=== Stored data ===
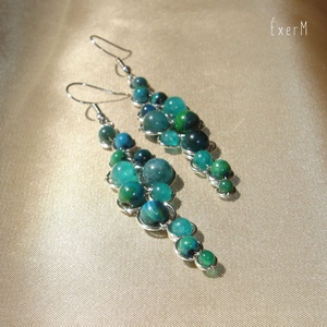 ásvány, türkiz, achát, ezüstözött ékszerdrót, ezüstözött fülbevaló akasztó
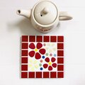 ♪モザイクタイルの鍋敷 花柄~赤
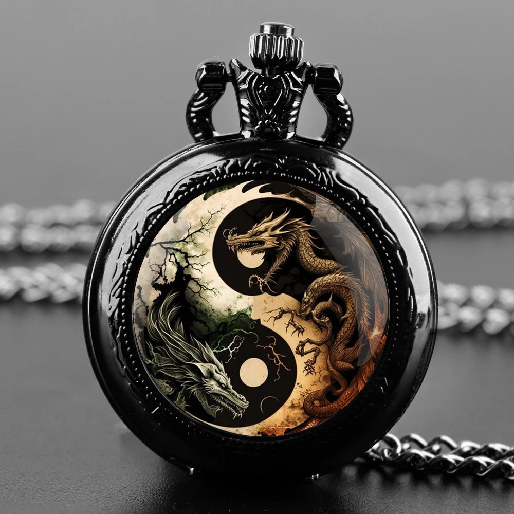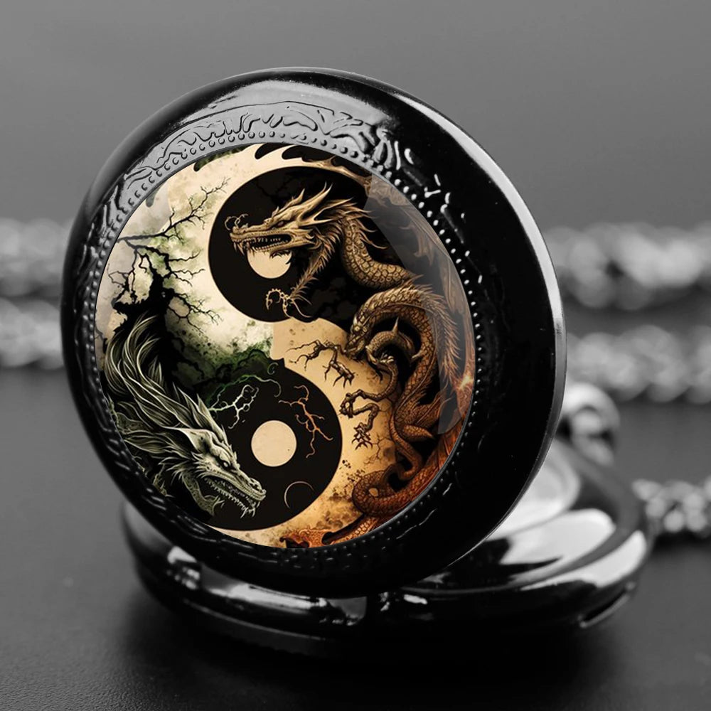 Creative Yin-Yang Dragon Design Pendant Quartz Pocket Watch Souvenir Chain Pocket Watch Arabic Numerals With Personality Gift

=== Aim of the exercise ===
What is needed is a verbatim copy of the material, minus its pictures.

=== Solution to the problem ===
 ásvány, türkiz, achát, ezüstözött ékszerdrót, ezüstözött fülbevaló akasztó
 ♪モザイクタイルの鍋敷 花柄~赤
 Creative Yin-Yang Dragon Design Pendant Quartz Pocket Watch Souvenir Chain Pocket Watch Arabic Numerals With Personality Gift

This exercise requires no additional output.